An elevator-service annuity trading at 62% of base intrinsic value.

Otis Worldwide Corp (OTIS) · Analysis #1 · 5/4/2026

Otis is half-toll-booth, half-industrial: 65% of revenue and 91% of segment profit comes from servicing a 2.5 million-unit installed base. At $77.08 versus a base IV of $125.18, the market is pricing China weakness as permanent.

Plain English

Otis sells elevators, but the real business is servicing them. Once an elevator goes into a building, it has to be inspected and maintained for 20-30 years, by law, almost everywhere. Otis has 2.5 million elevators under contract and 37,000 mechanics. Every month, building owners pay Otis a small fee. The new-elevator sale is mostly a way to win the long service contract that follows. About two-thirds of revenue and over nine-tenths of profit comes from this servicing work. It's like owning a toll bridge that has to be crossed monthly, around the world.

Thesis

Otis Worldwide is the global #1 elevator company and, more importantly, the global #1 elevator-servicer. The franchise has the rare structural feature Buffett looks for: a small, frequently-bought new-equipment sale that locks the customer into a 20-30 year stream of mandated, high-margin maintenance. Per the 2025 10-K, New Equipment is 35% of sales but only 9% of segment operating profit; Service is 65% of sales and 91% of segment profit. The maintenance portfolio is roughly 2.5 million units globally, served by 37,000 mechanics from 1,400 branches in 70+ countries. Once an elevator is installed, the building owner's switching cost is the operational risk of changing who is responsible for a life-safety device that is regulated, inspected, and rides on customer-specific service records.

The scorecard rates this an 80/100 composite (Profitability 19/25, Balance Sheet 18/25, Capital Allocation 20/25, Valuation 23/25).

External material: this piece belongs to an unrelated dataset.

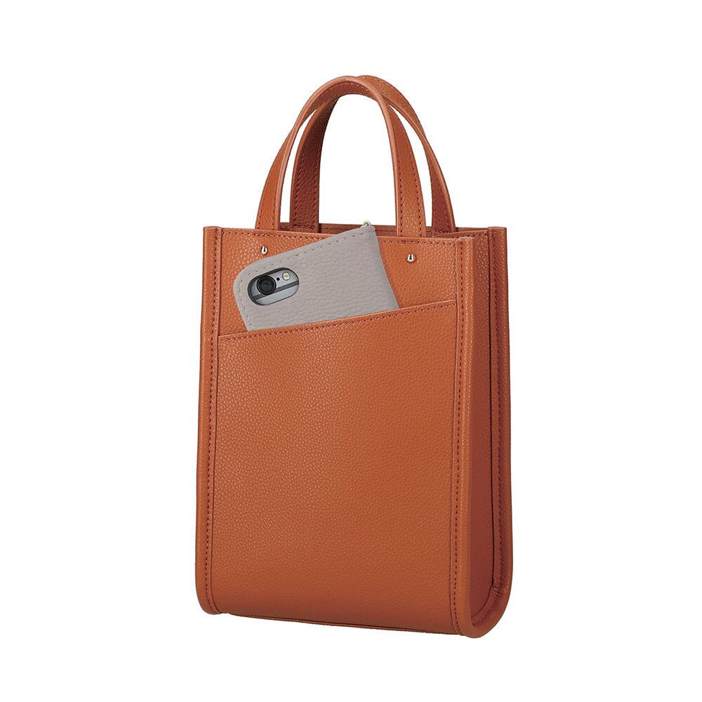 取り外し可能なショルダー付きで、トートバッグ・ショルダーバッグの2wayで使えます。ショルダーは長さ調整ができるので、斜め掛けも可能です。本革のような上質な質感、上品なフォルムを存分に生かしたミニマルなデザイン。

The headline metrics support the model: 10-year average ROIC of 154.6% (a function of the post-spin negative-equity capital structure — the right read is 'extremely capital-light service economics'), 5-year ROIIC of 35.0%, and a 10-year share-count change of -1.4% per year as Otis has steadily bought back stock since the 2020 spin from RTX.

The price-to-IV math: at $77.08 vs. base IV of $125.18, OTIS trades at 0.62x base IV. The reverse-DCF implied growth is 7.7%, well below the 14% base CAGR the scorer used (already clamped down from a 16.4% raw figure). IV-low is $69.24 — the stock is only ~11% above the bear-case fair value, giving downside protection. This is a moderate-conviction Buy: at $70 it becomes a high-conviction Buy; above $130 trim toward IV-high $162.50.

Moat

Otis is a textbook example of what Buffett calls a 'toll bridge' — and the toll is paid in 200+ countries every month under regulatory mandate. Five moat lenses:

1. Switching costs (HIGH) — This is the dominant moat. Once an elevator is installed in a building, it stays for 20-30 years and must, by law in essentially every developed jurisdiction, undergo periodic inspection and maintenance. Building owners face a strong status-quo bias because (a) the OEM holds the unit's service history, calibration data, and proprietary parts catalog, (b) any incident on a switched unit becomes a liability question, and (c) Otis ONE IoT data, calibration tools, and Gen360's electronic architecture reinforce the OEM-as-servicer logic. Per the 10-K, the maintenance portfolio is grown 'through conversion of newly installed units into maintenance contracts' — i.e., the New Equipment sale is in part a customer-acquisition expense for the Service annuity. Damodaran notes [2] that 'the most significant barrier to entry... is the cost to the end-user of switching from one product to a competitor.' Otis runs the Microsoft-Excel playbook of vertical integration into the user's daily operations.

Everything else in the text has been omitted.